We cannot say the trial court abused its discretion by denying a motion that was filed over one year after the cross-complaint was filed. “The overall purpose of the SLAPP statute is to provide defendants with a procedural remedy ‘which would allow prompt exposure and dismissal of SLAPP suits.’ The 60-day period in which a defendant may file a SLAPP motion as a matter of right appears to be intended to permit the defendant to test the foundation of the plaintiff’s action before having to ‘devote its time, energy and resources to combating’ a ‘meritless’ lawsuit.” (Morin, supra, 122 Cal.App.4th at p. 681, fns. omitted.)

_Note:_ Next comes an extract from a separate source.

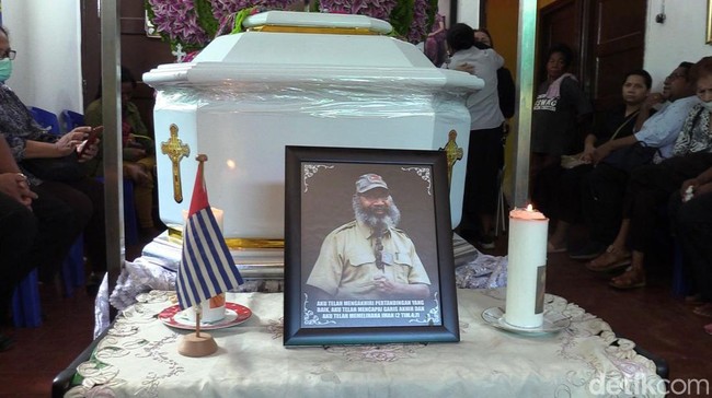 "Sejak pukul 11.00 WIT proses pemakaman akan dimulai, yakni ibadah dan kemudian akan diberikan kepada keluarga, dewan adat papua serta para aktivis seperjuangannya untuk memberikan sambutan pelepasan," katanya.

Ventura’s motion for leave to file a SLAPP motion was filed far beyond the statutory time limit of 60 days, which defeated the purpose of filing such motion. The trial court’s refusal to allow Ventura to file the motion to strike on that basis alone would have been within the court’s discretion. Furthermore, the reason given in her motion for leave to file the SLAPP motion was unavailing. The only reason she gave was that her previous attorney had abandoned her because her attorney was afraid of “defendant’s” counsel. She did not expand upon this reason and did not explain how her previous attorney was able to file an answer to the cross-complaint on February 16, 2006, without being too “intimidated” by defense counsel.
Ventura claims for the first time in her reply brief that the trial court abused its discretion because it failed to consider the reasons that the SLAPP motion was late, it did not consider the merits of her motion to strike, and it did not require Grabel to show prejudice should the trial court allow her to file the motion. We need not address these issues raised for the first time on appeal in the reply brief, as Ventura has given no good reason for the failure to raise these claims in her opening brief. (American Drug Stores, Inc. v. Stroh (1992) 10 Cal.App.4th 1446, 1453.) Furthermore, similar claims were rejected in Olsen. (See Olsen, supra, 134 Cal.App.4th at pp. 286-287 [finding that the trial court, in assessing timeliness, need not determine the merits of the SLAPP motion and that the party opposing the motion need not demonstrate prejudice].)
Here, the trial court did not abuse its discretion by refusing to allow Ventura to file a late SLAPP motion to strike the cross-complaint that was filed nearly one year late.
As the court did in Olsen, we also conclude that the appeal is frivolous, on the basis that any reasonable attorney would agree that this appeal is completely without merit. (In re Marriage of Flaherty (1982) 31 Cal.3d 637, 650; Olsen, supra, 134 Cal.App.4th at pp. 284-286.) This case is particularly egregious, as Ventura’s opening brief misrepresented the trial court proceedings and failed to raise a cognizable issue on appeal. It was up to Grabel to properly set forth the lower court proceedings and frame the issues to be decided on appeal: whether there was an appealable order and whether trial court abused its discretion in refusing to although Ventura’s late SLAPP motion. As set forth, ante, that issue is completely devoid of merit, and we therefore conclude that the instant appeal is frivolous.
III
DISPOSITION
We affirm the order of the trial court denying the motion for leave to file a SLAPP motion to strike the cross-complaint. Grabel is awarded his costs on appeal.
We concur: RAMIREZ, P.J., MILLER, J.